2. Техника как порядок из хаоса

В математике и астрономии исследовательские сообщения перестали быть понятными для публики еще в античности. В своей динамике эти исследования приближались к эзотерическому типу в конце Средневековья и обрели вновь более или менее понятную для всех форму и язык лишь на короткий период в начале XVII века, когда новая научная парадигма заменила средневековую.

Авторитетные источники, которые систематически маскировали существование и значение научных революций, исчезают уже к моменту начала очередной революции идей. В этой ситуации ученые видели новое и получали новые результаты даже тогда, когда они использовали обычные инструменты в областях, которые они сами же исследовали до этого. Но коммуникация, осуществляющаяся через фронт революционного процесса, оставалась неизменно ограниченной.

И тем не менее изменения в парадигме вынуждали ученых видеть мир проблем совсем в ином свете: «Поскольку они видели этот мир не иначе как через призму своих воззрений и дел, постольку у них вполне могло возникнуть желание сказать, что после революции ученые действительно имеют дело с иным миром»17.

В современном представлении мир уже не являл собой ни прежнего прекрасного живого существа, ни механического «соединения тел», ни совокупности видимых и невидимых предметов, вещей и идей. И он — уже не пустая бесконечность, требующая своего заполнения. Мир — это «совокупный горизонт всякого смыслового переживания», которое может быть направлено как внутрь, так и вовне: «Мир замыкается не границами, а посредством активируемого внутреннего смысла. Мир должен постигаться не как агрегат, а как коррелят осуществляющихся в нем операций: мир теперь есть совокупность того, что для каждой системы является системой-­и-миром». (Н. Луман).

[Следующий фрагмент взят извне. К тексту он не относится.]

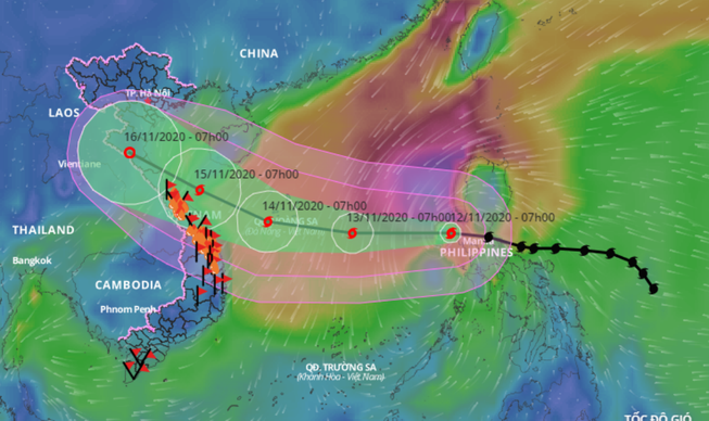 Thông tin từ Trung tâm khí tượng thủy văn Quốc gia, sáng sớm 12/11, bão Vamco đi vào Biển Đông, trở thành cơn bão số 13 trong năm nay. Đến 13h ngày 12/11, tâm bão cách quần đảo Hoàng Sa khoảng 700 km về phía đông đông nam. Vùng gần tâm bão, gió mạnh nhất vẫn ở cường độ cấp 12, giật cấp 15.

Политическое пространство Нового времени, отказываясь от иерархии, отказалось от неоднородности, пространство становилось бесконечным и однородным уже у Николя Кузанского. Новое пространство «демонично» (Ж. Делиз), поскольку ограничивается состоянием простого присутствия. Это сценическое пространство, не требующее для публичного действия обязательного физического соприсутствия множества субъектов на локальной территории: сама репрезентация «помещает силу в знаки» (Луи Морен). Лейбниц определяет мир как «виртуальность, которая актуализируется в монадах или душах, но это и возможность, которая должна реализовываться в материи или в телах». Техницистский тип мышления меняет форму представления пространства мира, работая в одном направлении с рождающейся в новой живописи линейной перспективой, умозрительной, абстрактной и бескачественной.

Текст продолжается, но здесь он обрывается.